Both women and men equally, however, agree that their third-largest challenge is acquiring new customers.
Many of the female SMB owners surveyed noted that they were also driven to starting their own companies in order to do more meaningful work, and to start a business “on the side.”
The five characteristics women believe are most important to successful entrepreneurship are dedication, effective planning, passion, discipline, and ambition, which is not much different than the top-five for men: dedication, discipline, ambition, passion, and effective planning. Interestingly, however, of all of the traits SMB owners of both genders were surveyed about, including being unafraid to take risks, having strong financial management, strong people skills, and sociability, the only one men placed greater emphasis on than women was competitiveness.
Helping Female SMB Owners
In order to continue the growth of female-led small businesses in Canada, women require support. Last week, the Honourable Mary Ng, Minister of Small Business and Export Promotion, announced that three women-led companies would be receiving investments under BDC Capital’s Women in Technology (WIT) Venture Fund, as part of the Government of Canada’s Women Entrepreneurship Strategy, which will include a $2 billion investment to improve women’s access to capital, advice, best practices, and targeted, gap-closing support.
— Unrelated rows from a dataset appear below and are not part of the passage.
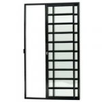 PORTA DE CORRER SACADA 2 FOLHAS UMA FIXA COM FECHADURA VIDRO LISO LINHA PREMIUM ALUMÍNIO PRETO
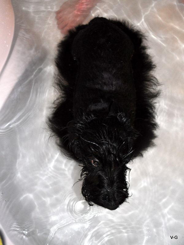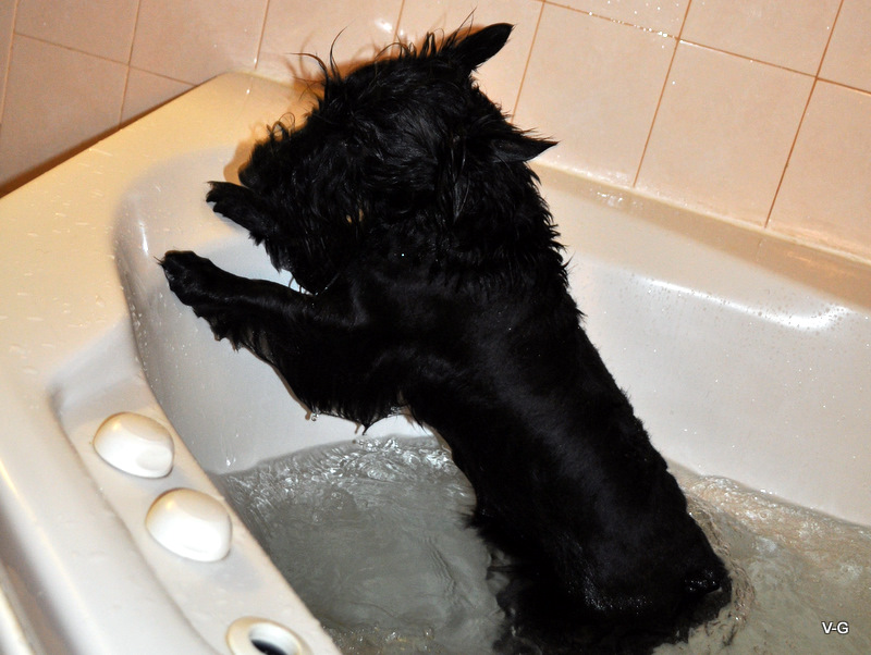 Spring is in the air, the grass is green and the lawns are full of goose poop!  To any of you out there with a Scottie this is a hazardous time of year.  Poop is fascinating but big stinky green goose poop is just so nice to roll in and try to eat.  Last night we got a special treat from walking Pippi, a lovely green gooey spot on our little princess.  With all that fun comes the worse thing in the world, A BATH.  Well not fun for P but sure is for us.  I just couldn’t resist taking this one, but enough laughing at the little wet dog. 🙂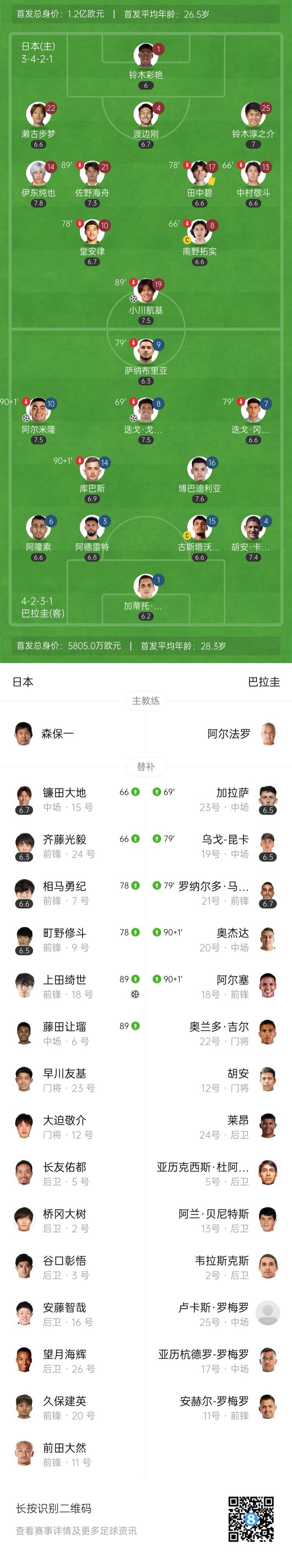 第26分钟,日本队扳平比分,佐野海舟助攻,小川航基远射力量极大,巴拉圭门将扑了一下但无法阻止皮球飞入球网,日本队1-1巴拉圭队。↓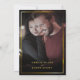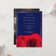 Elegant deep blue background with red rose image adorned with gold frame and personal photo on the back. This modern and minimalist wedding invitation is an excellent way to invite your guests. Simply personalize your event information and photo into this template to create a one-of-a-kind invitation. The photo on this design is intended for example only; please replace it with your own.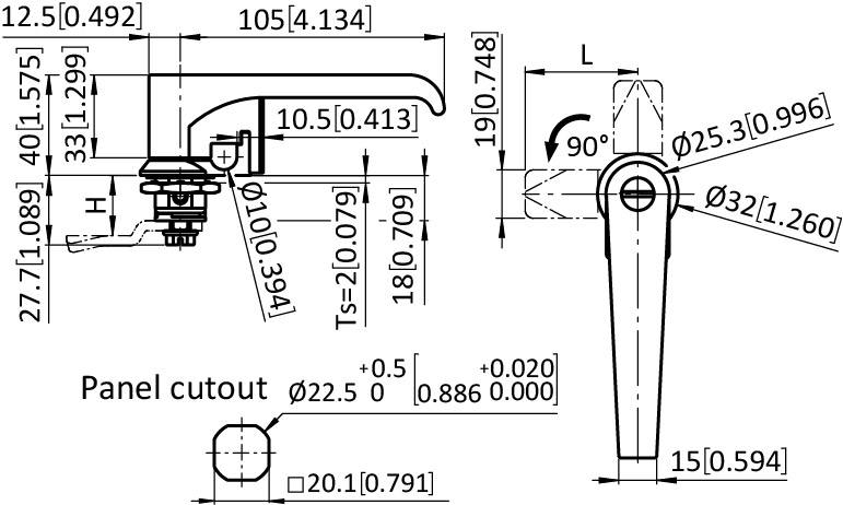 Zylinder-L-Griff Vorhängeschloss-Drehriegel 22,5 / 18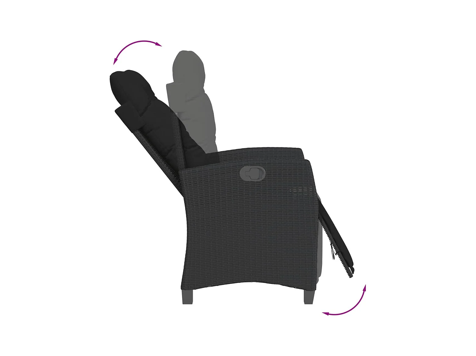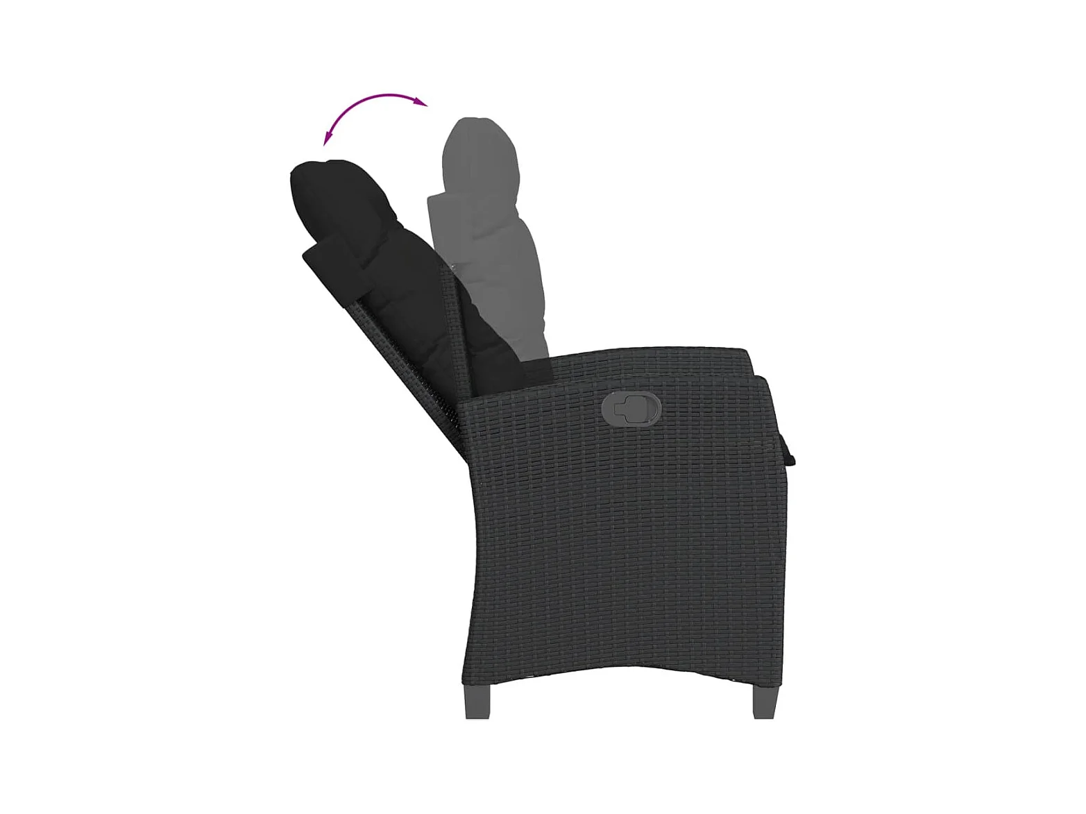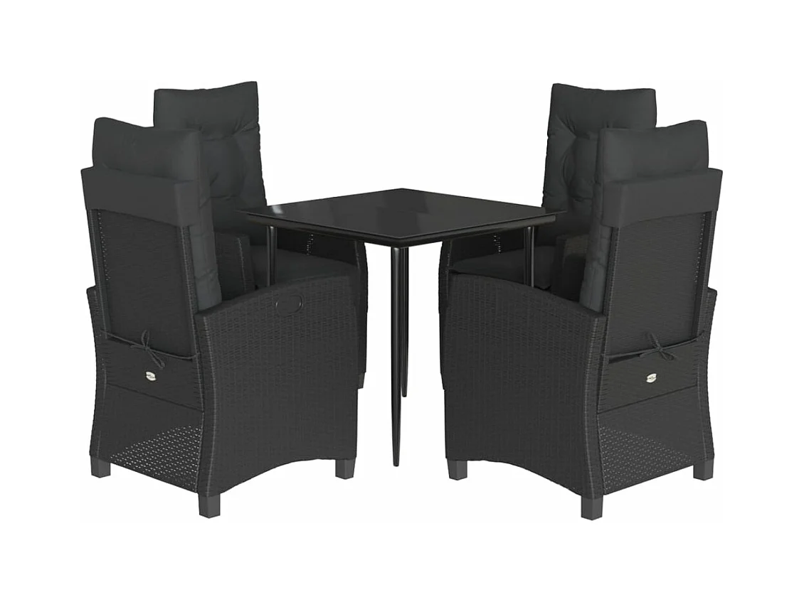 5 peças conjunto de jantar p/ jardim c/ almofadões vime PE preto

The businesses that received funding include Fredericton, NB-based AI company Eigen Innovations, Vancouver, BC-based software company Beanworks, and Kiite, a company that has built an intelligent sales coach, and is based in Waterloo, one of Canada’s tech hubs.
“With women starting close to half of all new businesses in Canada,” said Prime Minister Justin Trudeau in a statement during Small Business Week, we also know women’s success is vital to growing our economy and creating new jobs.”
Women-led businesses, and particularly those led by young women under the age of 45, are booming. The possibilities are endless, and if the trend continues, we could be on track to seeing female-led small companies account for half of all SMBs in Canada as we approach a new decade.